BP Migas Jamin Pasok Gas Ke Pabrik Pupuk

Bisnis Indonesia - JAKARTA 24 maret 2009 : BP Migas segera mengeluarkan surat jaminan pasokan gas bagi industri pupuk nasional untuk memberikan kepastian produksi. Jaminan pasokan tersebut akan diberikan untuk jangka waktu setidaknya 20 tahun.

Surat jaminan dari BP Migas ini merupakan permintaan dari kalangan perbankan yang akan terlibat dalam pembiayaan program restrukturisasi pabrik pupuk nasional sebagai upaya mengeliminasi kemungkinan kredit macet. Selama ini kalangan perbankan ragu mengucurkan pinjaman untuk pendirian pabrik pupuk karena khawatir aktivitas produksinya terhenti akibat ketiadaan pasokan gas seperti pernah dialami PT Pupuk Iskandar Muda (PIM), PT Pupuk Kujang Cikampek (PKC) dan PT Asean Aceh Fertilizer (AAF) yang sekarang dalam proses penjualan aset setelah resmi dilikuidasi. "Pasokan gas untuk pabrik pupuk menjadi concern perbankan. BP Migas tidak lama lagi akan mengeluarkan itu [jaminan pasokan gas]," kata Menperin Fahmi Idris, baru-baru ini.

Menperin memastikan program revitalisasi pabrik pupuk tetap berjalan sesuai dengan rencana dan akan direalisasikan pada 2011. Proyek tersebut mencakup penggantian mesin pabrik yang sudah tidak efisien. Mesin produksi yang tidak efisien itu antara lain diindikasikan oleh konsumsi gas yang mencapai 33 juta Btu (British thermal unit) untuk memproduksi setiap ton urea. Proses produksi dikategorikan normal jika untuk memproduksi 1 ton urea dibutuhkan gas tidak lebih dari kisaran 26 juta Btu.

Melalui program revitalisasi ini, kapasitas produksi urea nasional diharapkan naik menjadi 10,7 juta ton. Saat ini, dari 20 unit pabrik pupuk yang ada, 10 di antaranya berumur lebih dari 20 tahun, enam pabrik berumur 10 tahun lebih dan hanya empat pabrik yang berumur di bawah 10 tahun. Dalam program revitalisasi pabrik pupuk ini, pemerintah menganggarkan dana sekitar Rp49,01 triliun. "Gas merupakan komponen penting untuk memproduksi pupuk. Berdasarkan pengalaman, beberapa produsen kesulitan memperoleh pasokan gas. Selain karena keterbatasan pasokan, harganya juga terlalu tinggi," ujarnya.
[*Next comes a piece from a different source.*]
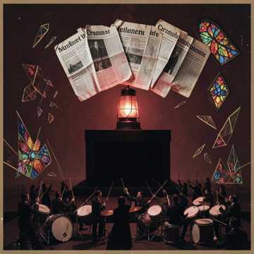 cinematic pop, rock opera, solemn baritone, unison chant, church organ, grand piano octaves, snare march, low brass stabs, gospel choir hit, tape saturation, room mic bleed, mono vocal, minor key, slow build, explosive chorus, 90s film score, raw live take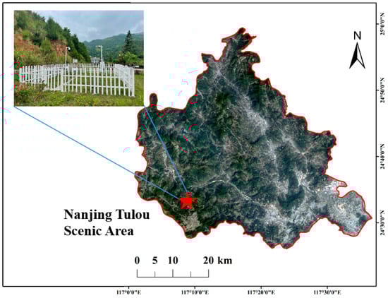The study site is located at the Nanjing Tulou Scenic Area (Nanjing County, Zhangzhou, China, 117°00′12″~117°36′36″ E, 24°26′20″~24°59′58″ N). The terrain slopes from northwest to southeast and includes four major topographic types: middle and low mountains, hills, plateaus, and river valley plains. Among these, hills are the predominant type, covering 44.1% of the land area, followed by middle and low mountains at 39.6% and river valley plains at 16.3%. The forest coverage rate is 73.41%, ranking the first in Zhangzhou City. The annual average temperature in Nanjing County is 21.5 °C, with a maximum temperature of 38.9 °C. Precipitation is abundant, with an average annual rainfall of 1738.8 mm and an average of 152 days per year with precipitation exceeding 0.1 mm [,].

Berbeda dengan Menperin, Ketua Umum Dewan Pupuk Indonesia Zaenal Soedjais pesimistis program revitalisasi dapat berjalan sesuai dengan rencana. Alasannya, pemerintah tidak bisa dengan mudah memberikan jaminan pasokan gas selama 20 tahun seperti diinginkan perbankan mengingat volume gas yang dapat dialirkan ke pabrik pupuk semakin terbatas. Menurut dia, keengganan perbankan nasional mengucurkan kredit restrukturisasi dengan alasan tidak ada jaminan pasokan gas, semata-mata hanya argumentasi yang dibuat-buat. "Itu hanya alasan, karena sebenarnya mereka [perbankan] tidak sanggup mendanai proyek revitalisasi."